Machine Learning – How Many Normal Distributions for Posterior in Variational Autoencoders?

autoencodersmachine learningneural networksvariational-bayes

I am currently reading about variational autoencoders.

Some of the papers I've read are:

The papers differ in one fundamental issue, Doersch only has one layer which produces the standard deviation and mean of a normal distribution, which is located in the encoder, whereas the other have two such layers, one in exactly the same position in the encoder as Doersch and the other one in the last layer, before the reconstructed value.

I have seen the variant with only one such layer in some machine learning books as well.

So which one of the two methods is used more often? Is one superior to the other? What is the philosophy in using one vs using two such layers? (A good scheme can be found in the last paper on page 3)

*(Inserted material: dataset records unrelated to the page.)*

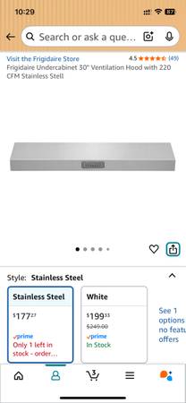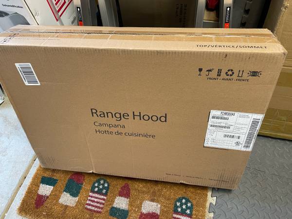 Frigidaire 30” Range Hood Vent, NEW in Box (NIB). Stainless Steel with 220CFM vent fan and lights built in. Sells on Amazon for $199 - $249 New! Yours for $155. Reference:...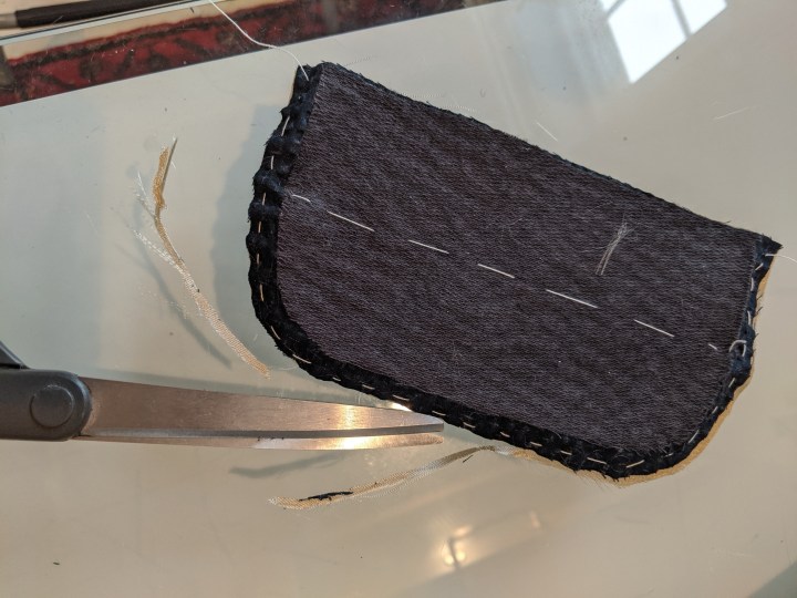 Here’s the tricky bit, so just be patient with yourself. Pull the edge of the flap back, and baste it in place with small stitches to make a border of lining about 1/8″ wide.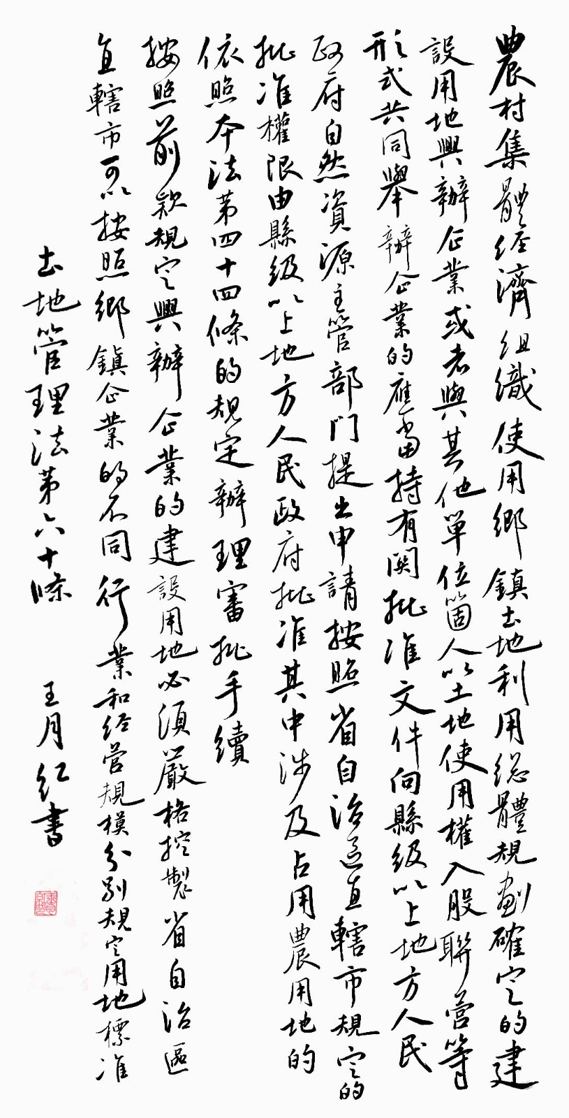 繼1600余位書(shū)法家參與書(shū)寫(xiě)《中華人民共和國(guó)民法典》全部1260條法條之后,法治日?qǐng)?bào)社聯(lián)合自然資源部法規(guī)司、自然資源部書(shū)畫(huà)研究會(huì)和北京昌平書(shū)法家協(xié)會(huì),將筆端對(duì)準(zhǔn)土地管理“一法一條例”,即《中華人民共和國(guó)土地管理法》和《中華人民共和國(guó)土地管理法實(shí)施條例》。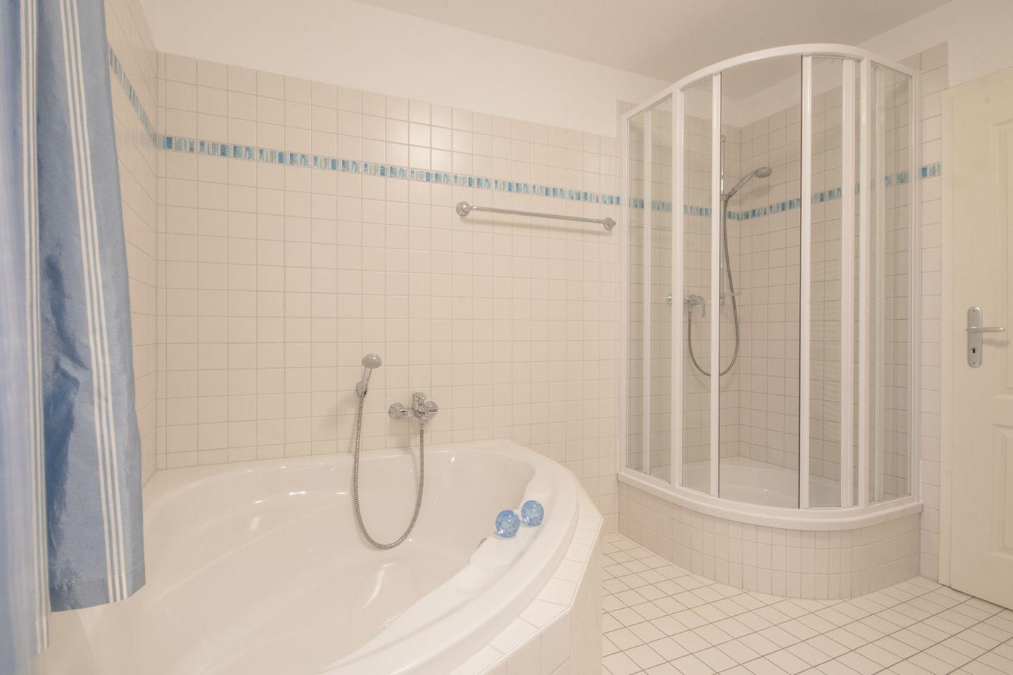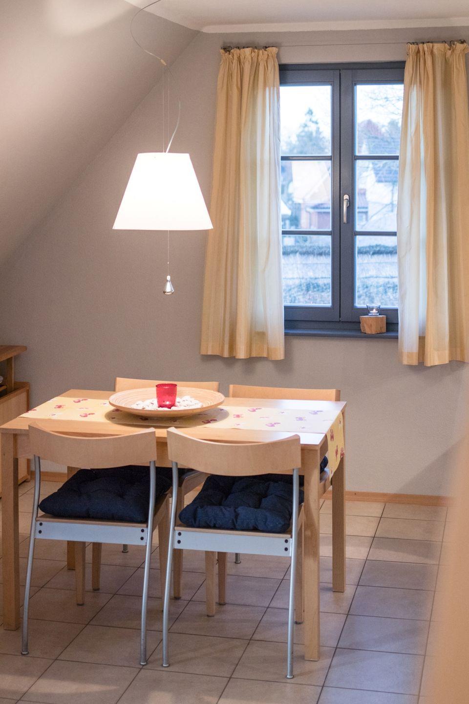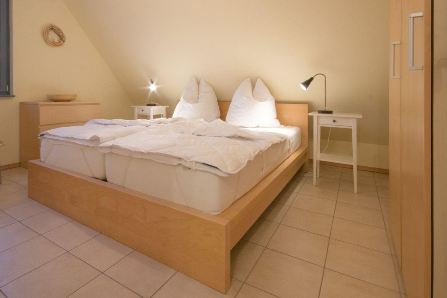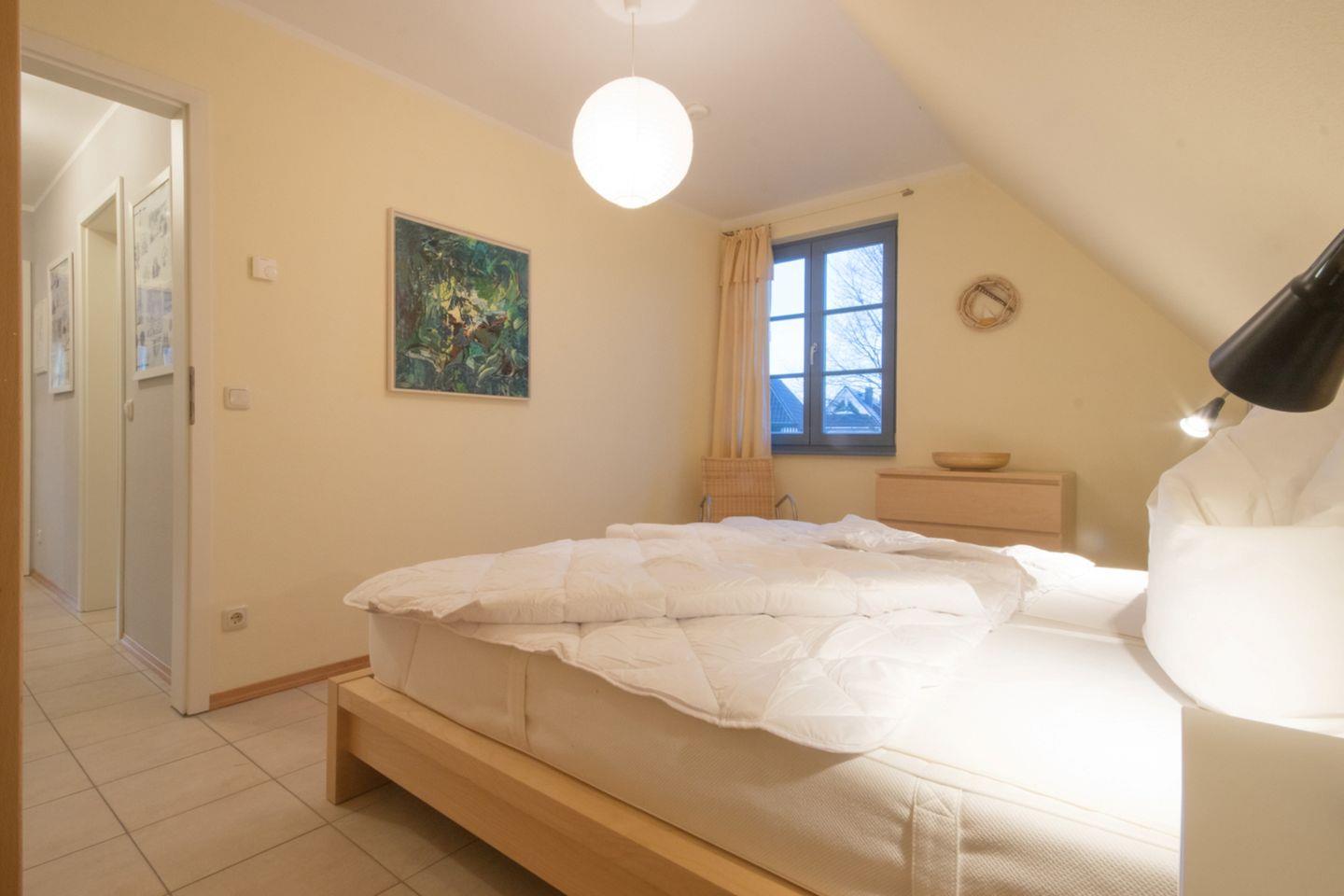 Die 50 m² große Obergeschosswohnung wird für 2-3 Personen vermietet und befindet sich in der 1. Etage. Im Wohnzimmer mit Essecke und integrierter Küchenzeile ist eine Schlafcouch für eine Person zu finden, der Zugang zum möblierten Westbalkon erfolgt ebenfalls von hier. Das Schlafzimmer ist mit einem Doppelbett ausgestattet, im geräumigen Badezimmer sind eine Dusche und eine Eckbadewanne untergebracht. Ein kleines Gartenhäuschen steht für Fahrräder zur Verfügung.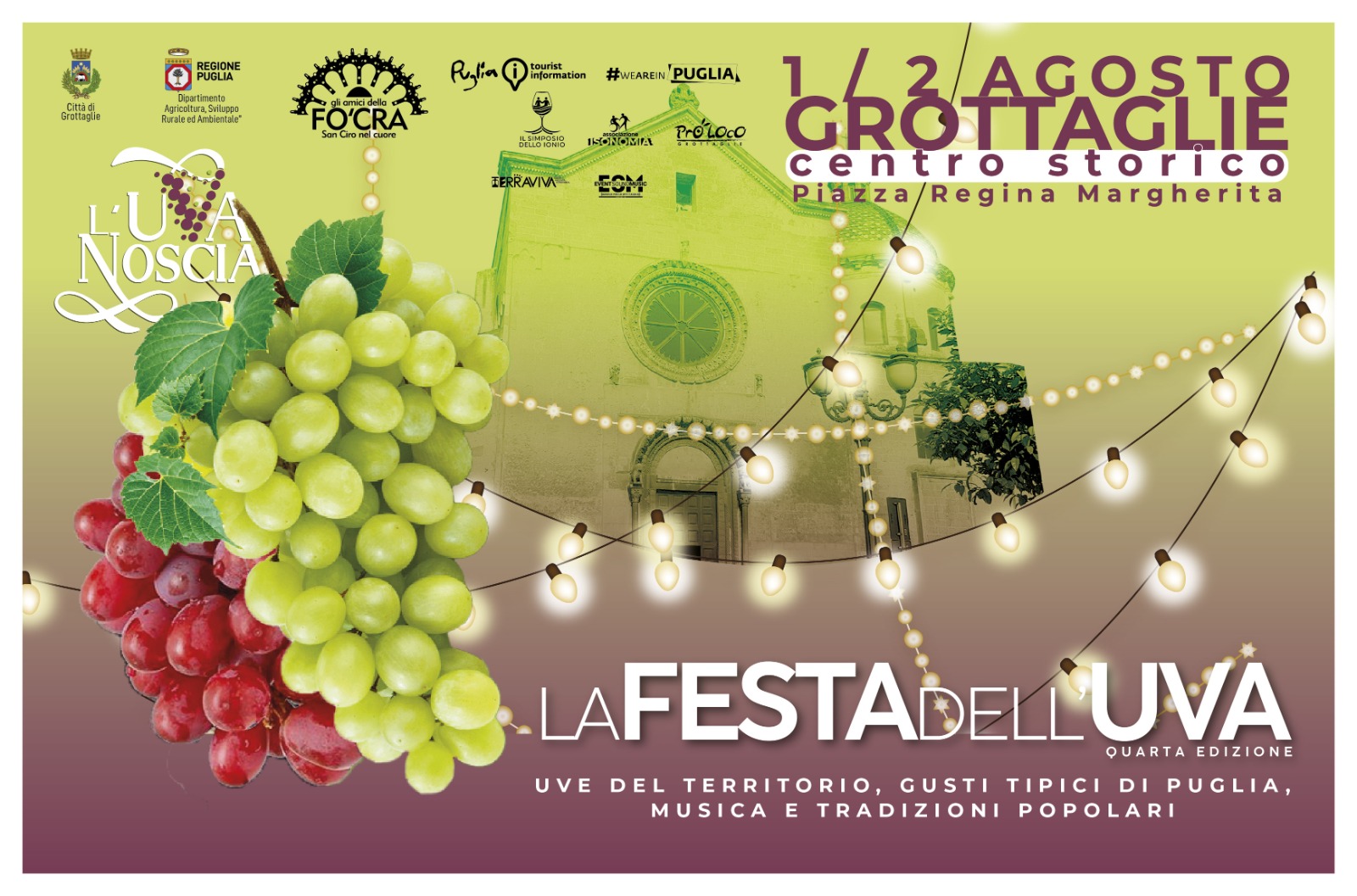 Torna con la sua quarta edizione “L’Uva Noscia”, la grande festa popolare dedicata alla regina delle tavole: l’uva da tavola di Grottaglie. Un evento che unisce sapori, tradizioni e identità nel cuore pulsante del centro storico, tra chianche antiche illuminate da catene di luci e una cornice ricca di musica, artigianato e cultura.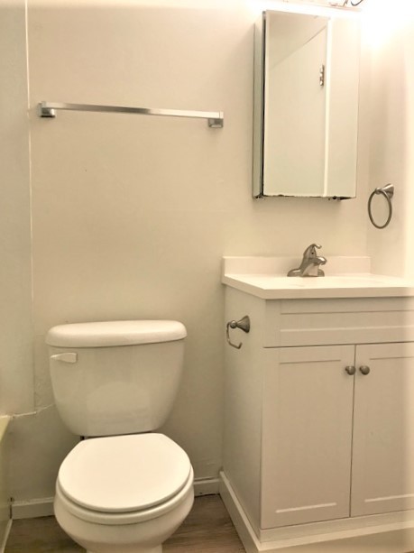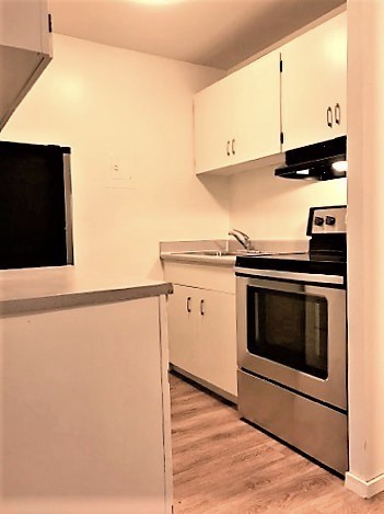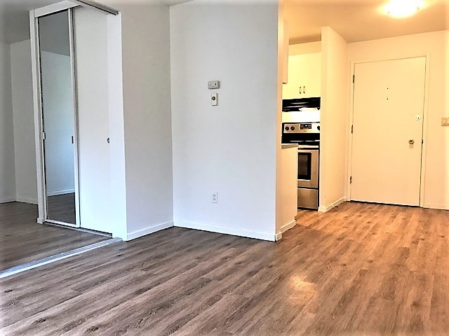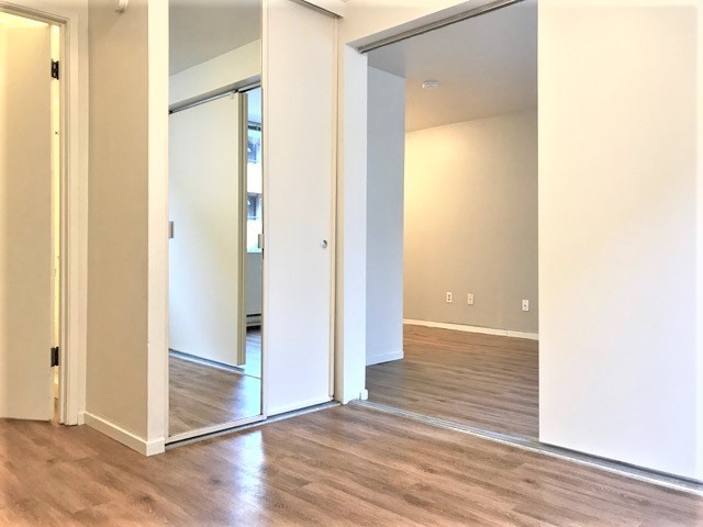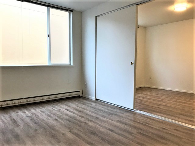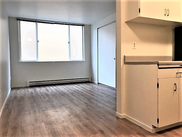 Bring your rugs! This unit has wood finished flooring, plenty of storage and a spacious eating area off the kitchen, living room and bedroom, and a wall of windows facing North.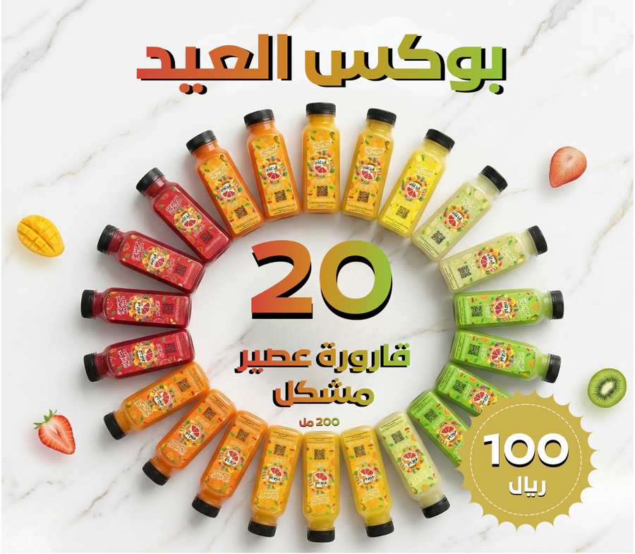 كمل فرحة العيد بلمة الحبايب مع انفجار من النكهات المنعشة! بوكس العيد من "ميجا فرغلي" هو الخيار الأرقى لضيافتك؛ 20 قارورة عصير طبيعي طازج بـ 20 نكهة مختلفة ترضي وتنعش كل الأذواق.

As requested I am adding a graphic:
VAE with 2 times sampling

This graphic is from the last paper I linked. It shows the typical latent variable layer, produced by sampling from a normal distribution. The $\mu_z$ and $\sigma_z$ are generated by the neural network. The first paper I mentioned only uses the latent layer in the encoding part, meaning the right part of the graphic, the decoder, does not have a sampling and does not produce $\mu_x$ and $\sigma_x$, but instead just recreates the input just by a normal feedforward network.

So to repeat my question: What are advantages/disadvantages of the the two approaches.

Best Answer

A VAE defines a distribution: $P(x) = \int P(x|z)P(z) dz$. $P(x|z)$ is often a normal distribution $\mathcal{N}(\mu, \sigma^2)$ whose mean and/or variance are parameterized by a neural network (called the "decoder").

In some cases, we assume a fixed variance $\sigma^2$, but in other cases we might try to model the variance as well. Of course we always have to output $\mu$.

I want to point out that even in the cases where you don't have two layers, you are still outputting $\mu$. Simply training with MSE loss is equivalent to maximizing log likelihood under a gaussian with mean $\mu$ (and $\sigma^2$ is implicitly some fixed value which depends on the scaling of the MSE loss term vs the KL loss term).

What are advantages/disadvantages of the the two approaches.

The advantages of modeling $\sigma^2$ is a slightly more expressive model, and the ability to say that the model is more uncertain about some dimensions than other dimensions.

The disadvantages is that it's slightly more work to code, and in most cases people only use the mean of the distribution, so there's no reason to bother. You also have to worry about degenerate optimum -- the model could overfit to a small dataset by perfectly memorizing $\mu$, and then by setting $\sigma^2 \rightarrow 0$, leading to negative infinity loss.